AI Is Cooking Up the Future, But Your Taste Buds Still Rule
McCormick has used AI for flavor development for a decade, while Unilever tests thousands of recipes digitally in seconds. But new AI food startups face a fundamental challenge - human biology.
The global AI food market is projected to explode from $10 billion in 2025 to over $50 billion by 2030. Yet in actual test kitchens, the story is more complicated than the hype suggests.
The Quiet AI Revolution Already Happening
McCormick has been using AI in flavor development for nearly a decade. The company behind Frank's RedHot, Cholula, and Old Bay says AI has cut development timelines by 20-25% on average by identifying promising flavor combinations and filtering which ideas deserve physical testing.
Unilever goes even further. Its AI systems can test thousands of recipes digitally in seconds, getting to viable concepts with fewer physical trials. The company's Knorr Fast & Flavourful Paste was developed in roughly half the usual time, while AI modeling for Hellmann's Easy-Out squeeze bottle saved months of physical lab work.
"Human creativity and judgment lead the way, and AI is a tool to help us amplify our impact," said Annemarie Elberse, head of ecosystems, digital and data for foods R&D at Unilever.
The Startup Challenge: Overpromise, Underdeliver?
A new breed of startups including Zucca, Journey Foods, and AKA Foods are marketing "virtual sensory" platforms that promise to digitally screen recipes and predict consumer preferences before physical prototypes exist.

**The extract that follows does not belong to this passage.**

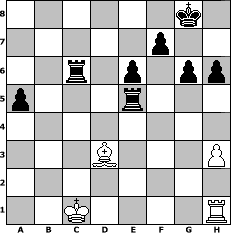 game notation in PGN-format [Event "wie w"] [Site "www.myChess.de"] [Date "2013.11.16"] [Round "1"] [White "lotchi"] [Black "Joschi"] [ECO "B17"] [WhitemyELO "1175"] [BlackmyELO "1574"] [Result "0-1"] [TimeControl "10/1728000"] [WhiteDays "18"] [BlackDays "20"] [MyChessNo "91139"] 1. e4 c6 2. d4 d5 3. Nc3 dxe4 4. Nxe4 Nd7 5. c4 Ngf6 6. Nxf6+ Nxf6 7. Bg5 e6 8. a3 Be7 9. Nf3 h6 10. Bxf6 Bxf6 11. Qd3 O-O 12. c5 b6 13. Qe4 Bb7 14. Bd3 g6 15. O-O-O bxc5 16. dxc5 Qa5 17. Qb4 Qxb4 18. axb4 a5 19. b5 cxb5 20. Bxb5 Bxf3 21. gxf3 Rab8 22. Ba6 Bxb2+ 23. Kc2 Be5 24. Kd3 Rb3+ 25. Ke2 Ra8 26. Bd3 Rc8 27. Rc1 Bd4 28. c6 Rb2+ 29. Kf1 Rxf2+ 30. Ke1 Rxf3 31. Ke2 Re3+ 32. Kd2 Re5 33. h3 Be3+ 34. Kd1 Bxc1 35. Kxc1 Rxc6+ 0-1 position notation in FEN-format 6k1/5p2/2r1p1pp/p3r3/8/3B3P/8/2K4R - - - 0 36 Captured white pieces: Captured black pieces: Click on a captured piece in order to display the desired move!

They're essentially promising what food giants say they're already doing.
But food scientist Brian Chau, who has tested these platforms, is skeptical. "I think all the AI companies coming out are, to some extent, overstating what they can do," he said. "They need to attract investors, they need to build datasets, and they need real industry partners before any of this really works at scale."
When Chau tested one platform, the results were disappointing: "The output was basically what you'd get from any general AI system. There wasn't much added value without proprietary data from real companies."
The Biology Problem
The biggest obstacle isn't computing power—it's human biology. Dr. Julien Delarue, a professor of sensory and consumer science at UC Davis, explains the fundamental limitation: "Trying to predict what people will perceive from a complex mixture of compounds—the answer is no."
The reason? Human sensory perception is inherently variable. People perceive the same chemical compounds very differently depending on genetics, culture, experience, and personal history. "There is no such thing as the average consumer," Delarue said. "Trying to predict what the 'average' person may perceive is probably a dead end."
Even IBM, which partnered with McCormick on early AI food projects and created Chef Watson, has moved on. An IBM spokesman confirmed the company is "not actively focused in this area anymore."
Why Humans Still Hold the Fork
David Sack, founder of AKA Foods, acknowledges the limitations: "It does not replace food scientists or sensory experts. Ultimately, humans define the goals, constraints, and success criteria. AI can reduce the number of tests needed, but it does not eliminate the need for real human tasting."
Jason Cohen, founder of Simulacra Data, puts it simply: "Consumers decide with their palate whether they like a product. We still start with real human sensory data. AI just helps us extrapolate insights faster and cheaper."
The real value, according to Delarue, lies in efficiency rather than creativity: "Designing food today is much more challenging than before. You need to make food that is healthy, sustainable, and affordable. AI gives us more power to handle that complexity."
The Investment Reality Check
While the $50 billion market projection sounds impressive, the path there remains unclear. Most current AI food platforms resemble large language models trained on existing recipes rather than systems capable of independently generating breakthrough products.
The winners will likely be companies that already control vast amounts of proprietary data—the McCormicks and Unilevers of the world—rather than startups trying to crack the code from the outside.
This content is AI-generated based on source articles. While we strive for accuracy, errors may occur. We recommend verifying with the original source.